AI for Kubernetes

Build Your Own

AI for Kubernetes — voice-controlled cluster management.

Generic LLMs know that kubectl exists. This model knows your cluster topology, your running deployments, your pod health, your ingress rules, and your PVC layout. It reads kubectl get all before answering every question. It recommends ksnap before every destructive rollout. It understands Calico policies for your actual network, not a textbook network.

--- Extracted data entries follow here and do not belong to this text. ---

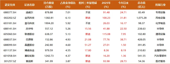 2025年下半年以来,诺安先锋的前十大重仓集中度显著提升,四季度达到51.78%;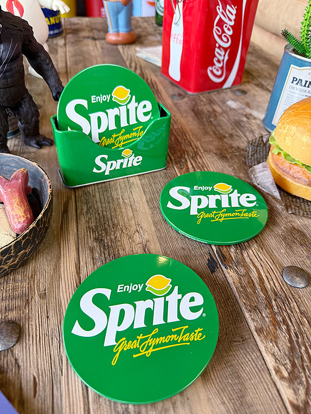 コースターを収納しておくお揃いのトレイもセットになってるので、使ってない時でもスプライトがテーブルを演出してくれて、ダイナーの雰囲気バツグンです!
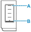Când cerneala este lângă linia limitei inferioare (B), cerneala este pe terminate. Reumpleţi rezervorul de cerneală.
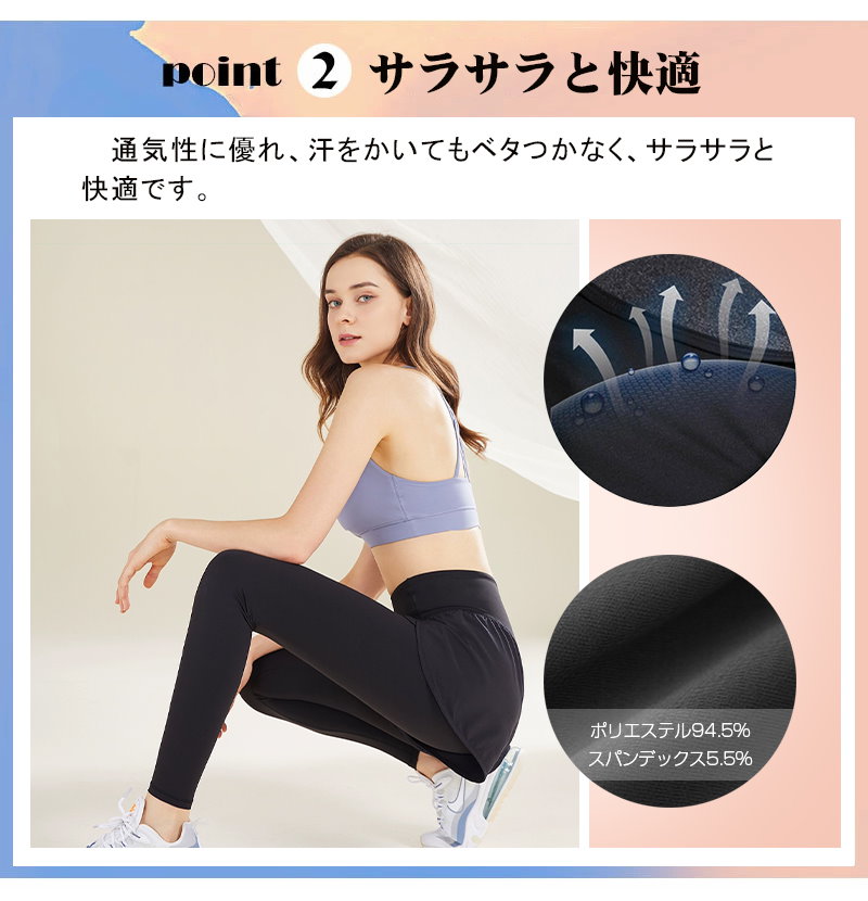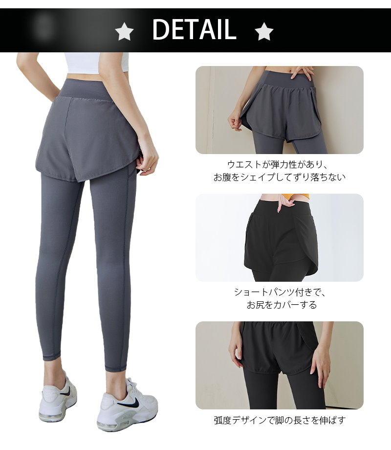 ヨガパンツ ショートパンツ 一体型 レギンス レディース 9分丈 スパッツ 吸汗速乾 ハイウエスト ヨガウェア ストレッチ パンツ付きレギンス スポーツウェア ランニング トレーニング ウォーキング

The Modelfile encodes deep Kubernetes knowledge. The context script feeds live cluster state into every query. The execute mode generates real kubectl commands, shows them to you, and waits for confirmation before touching anything.

1. The Kubernetes Modelfile

This is the complete system prompt. It encodes kubectl operations, resource management, Helm workflows, Calico networking, troubleshooting patterns, and ZFS-backed persistent storage. The model memorizes all of it.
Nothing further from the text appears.